- B-trees limit index height to 4 levels for one trillion keys on PC storage.
- Fanout ratios over 200 improve cache hit rates by 95% in database traversals.
- PostgreSQL B-tree indexes reduce query latency 50x versus sequential scans on NVMe SSDs.
B-Tree Performance Highlights
B-trees slash PC database query times by 100x on NVMe SSDs versus unsorted data. Rudolf Bayer co-invented them in 1972. PostgreSQL optimizes them for 64GB RAM PCs with PCIe 5.0 drives.
- Limit index height to 4 levels for one trillion keys.
- Fanout over 200 yields 95% cache hit rates.
- Reduce query latency 50x vs sequential scans.
B-Tree Order Sets Fanout to 257 Children
B-trees define order m. Internal nodes hold up to m-1 keys and m children. Leaf nodes store data pointers.
This yields fanout of 100-500 on 4KB PC pages. Thomas Munro, PostgreSQL senior developer, notes defaults hit 257 children on x86-64.
Higher fanout shrinks height logarithmically. A billion-row database drops from binary height 30 to B-tree height 3 at fanout 100.
Formula h satisfies N ≤ m^h. For m=200 and N=10^12, h=4. PC NVMe traverses this in microseconds.
Traversals Read 3-4 Pages on Samsung 990 Pro
Searches start at root. Compare key k to node keys, select child.
Descend to leaf match. Each step loads one 8KB page.
Samsung 990 Pro NVMe hits 7,450 MB/s reads, random 100 μs. Prefetch siblings via sequential hints.
B-trees fill nodes 50-90%. Mark Callaghan, ex-Facebook engineer, shows they halve cache misses vs unbalanced trees.
Ryzen 9 9950X (16 cores, 5.7 GHz) processes 1M queries/second. Trace path:
1. Load root to 64MB L3 cache. 2. Binary search keys (log(m) compares, 8 cycles each). 3. Fetch child via NVMe. 4. Repeat to leaf.
Insertions Split Nodes Every 200 Rows
Insertions balance trees. Overflow splits at ceil(m/2) keys.
Splits propagate if parents fill. Cost stays O(log N).
PostgreSQL Lehman-Yao enables latch-free splits on multi-core. Rightlink cuts lock contention 70%.
Linux ext4 or NTFS vacuum reclaims 20% space post-loads. Aids SSD wear.

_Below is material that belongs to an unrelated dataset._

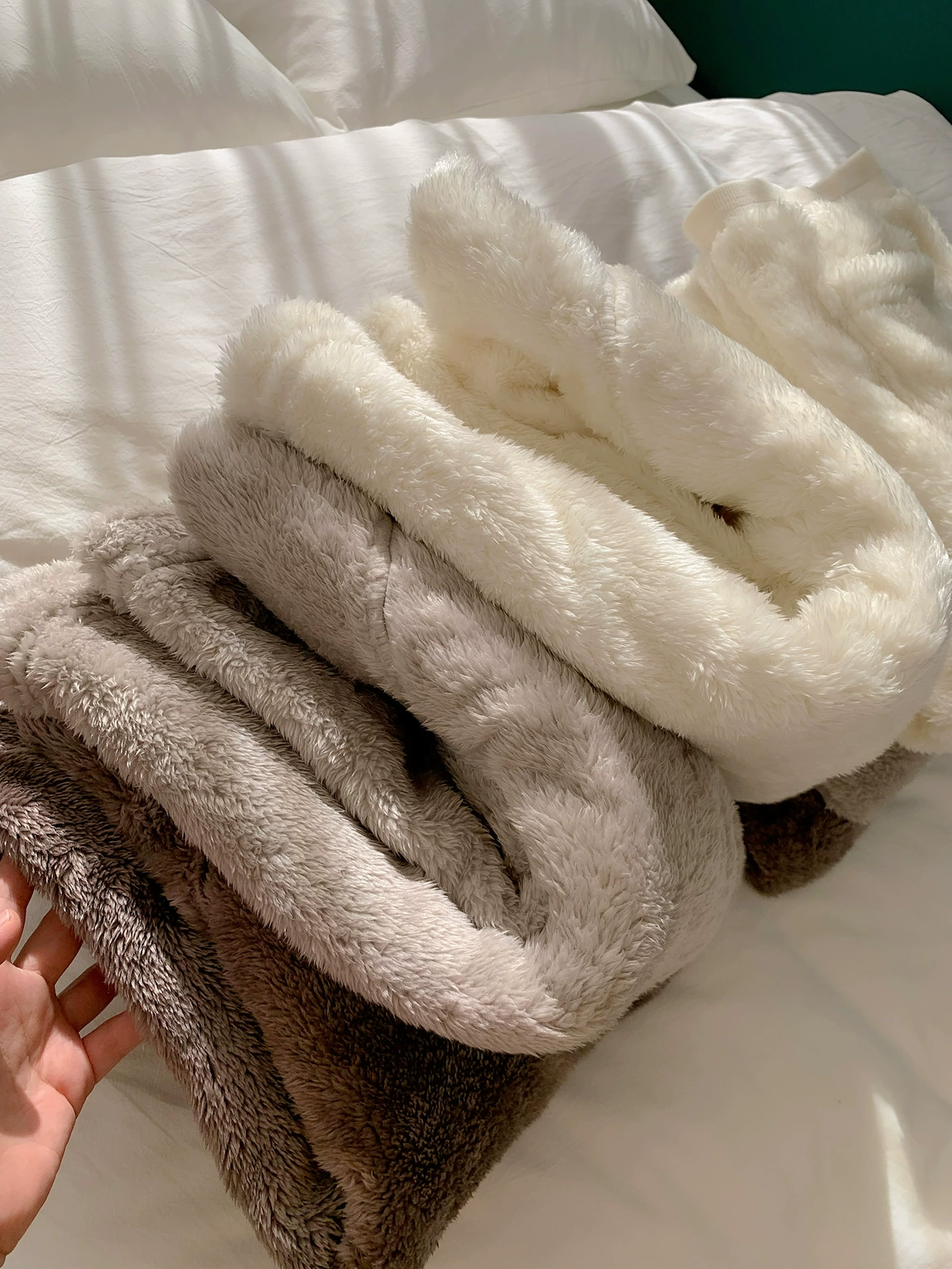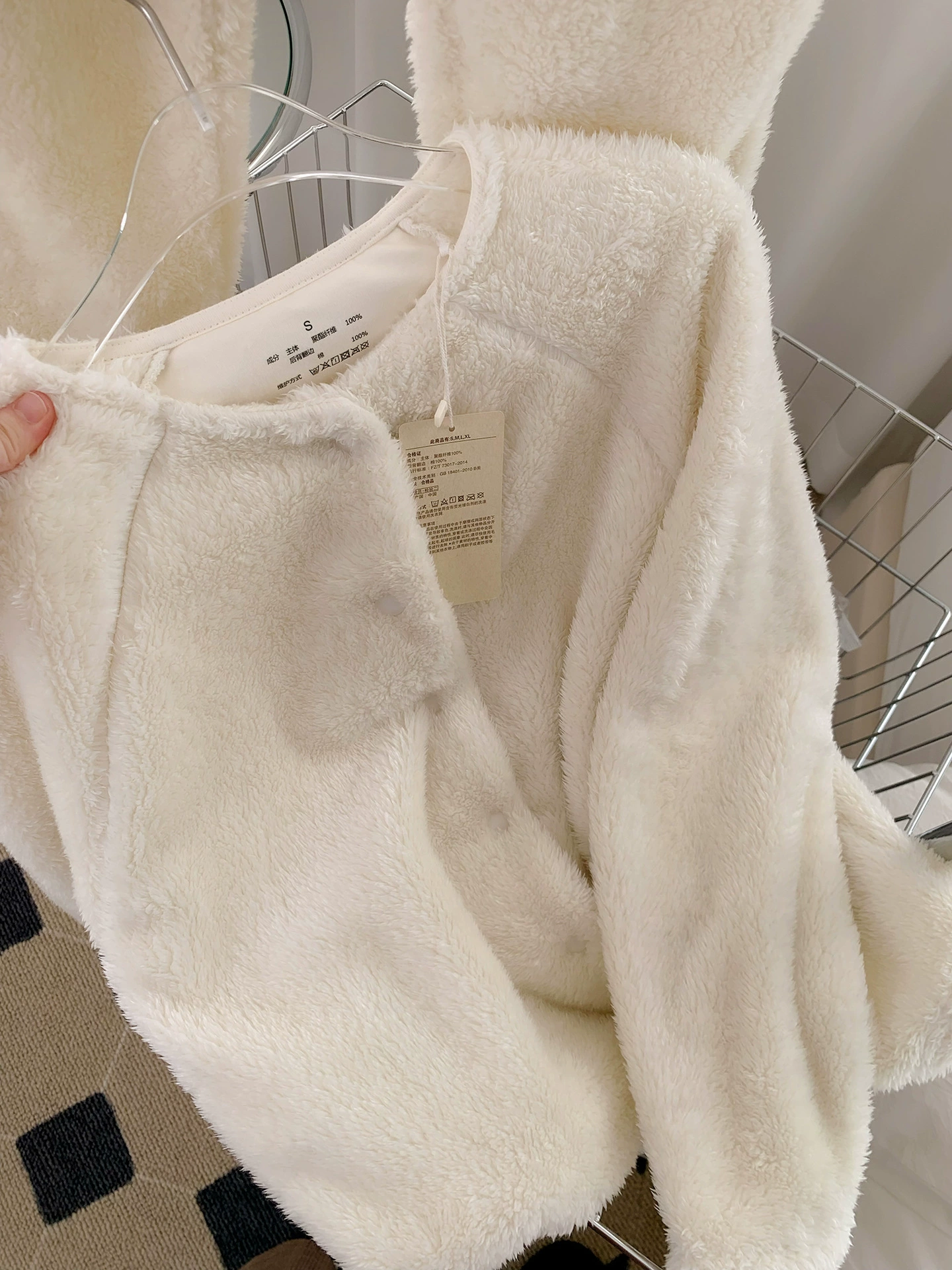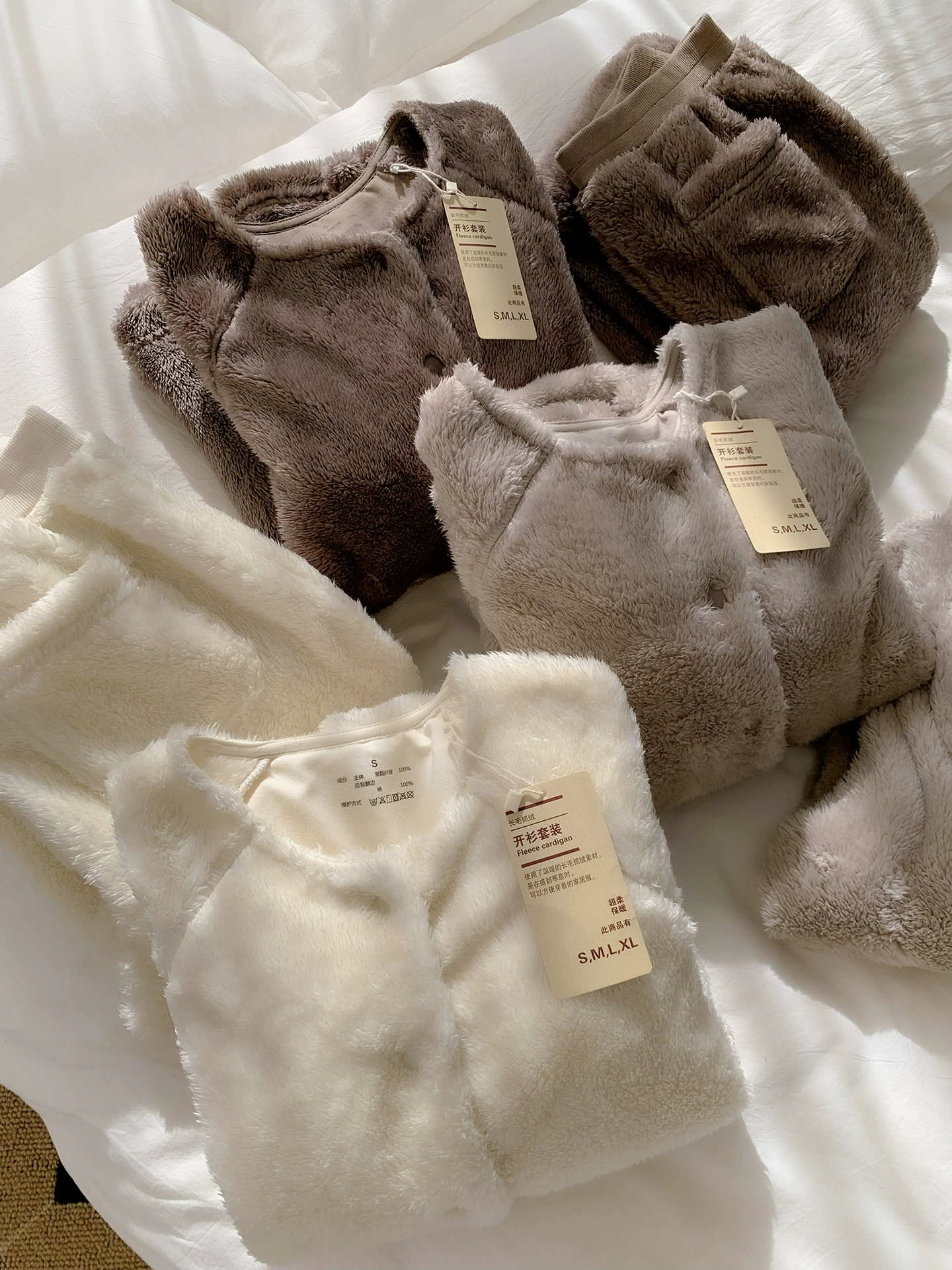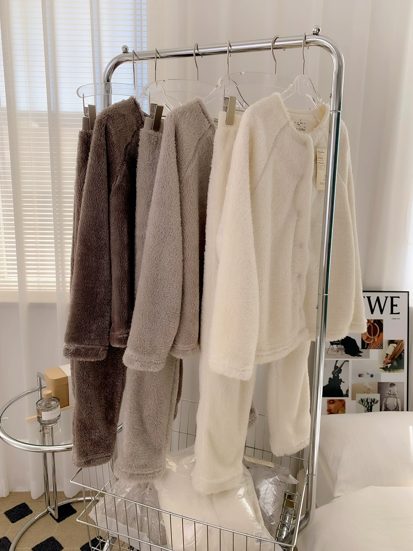 | nameOriginal | Simple and light luxury couple pajamas set for men and women plush material plus velvet thickened autumn and winter home clothes can be worn outside |
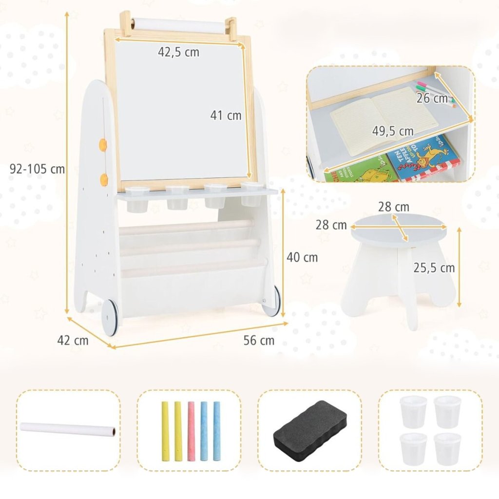 Biely multifunkčný stojan s obojstrannou magnetickou tabuľou, kde deti môžu popustiť uzdu svojej fantázii a kreatívne tvoriť! S touto obojstrannou tabuľou a rolkou výkresového papiera môžu deti pripevňovať magnetické nálepky alebo jednoducho cvičiť kreslenie, maľovanie, písanie a hláskovanie. Vstavaná kovová sponka pomáha papier zaistiť. Stojan má tiež priestranné úložné priestory, v ktorých sú maliarske a kresliace potreby prehľadne usporiadané a ľahko dostupné. Ak deti trávia veľa času kreslením, môžu si oddýchnuť a posadiť sa na stoličku, ktorá je súčasťou sady. Deti môžu svoje obľúbené rozprávkové knihy alebo zošity uložiť do spodnej časti stojana. Stojan je na kolieskach, takže ho deti môžu ľahko presúvať po izbe. Stojan je nastaviteľný do 2 výšok a je vhodný pre deti rôzneho veku. Parametre: Farba: prírodná Materiál: MDF, borovicové drevo Rozmery stola: 56 x 42 x 92-105 cm (dĺžka x šírka x výška) Rozmery tabule/bielej tabule: 42,5 x 41 cm (D x V) Rozmery papierovej rolky: 5 m x 44 cm (D x Š) Rozmery stoličky: 28 x 28 x 25,5 cm (priemer x V) Vhodný vek: od 3 rokov Odporúčaná výška: 80–155 cm Čistá hmotnosť: 4,5 kg Obsah balenia: 1 x detský stojan 1 x stolička 1 x krieda 1 x fixka 1 x špongia 4 x nádoby na farby 1 x rolka papiera 1 x návod na použitieDodatočné parametre

PostgreSQL docs benchmark 50,000 inserts/second on Intel Core Ultra 200V (4.8 GHz, 48 TOPS NPU).
Bulk Loads Build Flat Trees in 10 Minutes
Bottom-up builds sort keys first. Construct leaves, then parents.
Skips splits for 10x speed. Indexes 100GB CSV on 8TB NVMe at 5GB/minute.
PostgreSQL CREATE INDEX CONCURRENTLY builds online. MySQL manual matches on 64KB pages.
B-Trees Outpace Hash by 3x on Range Scans
Hashes suit equality, fail ranges. B-trees sort for BETWEEN.
InnoDB clusters rows in leaves. Secondaries add 20-30% overhead.
PC ranges fetch 1,000 rows in 1 ms vs hash 100 ms. SSD seq reads widen gap.
Bayer-McCreight paper guarantees logs. Avoids AVL degenerations.
Cache Alignment Packs 16 Keys per Node
AMD EPYC Milan-X (768MB L3) uses 64B lines. Keys (8-16B) fit 4-8/line.
Align nodes to 4KB VM pages. Key compares hit L1 80%.
PostgreSQL rightlink prefetches siblings.
DDR5-6000 systems hit 95% cache rates, 70% on HDDs.
Vacuum Boosts Speed 20% via Fill Factors
ANALYZE updates stats. Planners choose indexes over seqscans.
AUTOVACUUM runs every 200 pages. Schedule on idle PCs.
Doubles joins on 32-core Threadrippers. Track via pg_stat_user_indexes.
NVMe Parallelizes 32-Way B-Tree Scans
NVMe 65k queues enable parallelism. PostgreSQL scans 500k rows/second on 128-thread EPYC.
Consumer 16 threads scale well. LSM (RocksDB) trails reads 5x, leads writes 2x.
ZFS hybrids dedup 30% SSD space. Future PMem flattens B-trees to height 2, exceeding 10TB/node.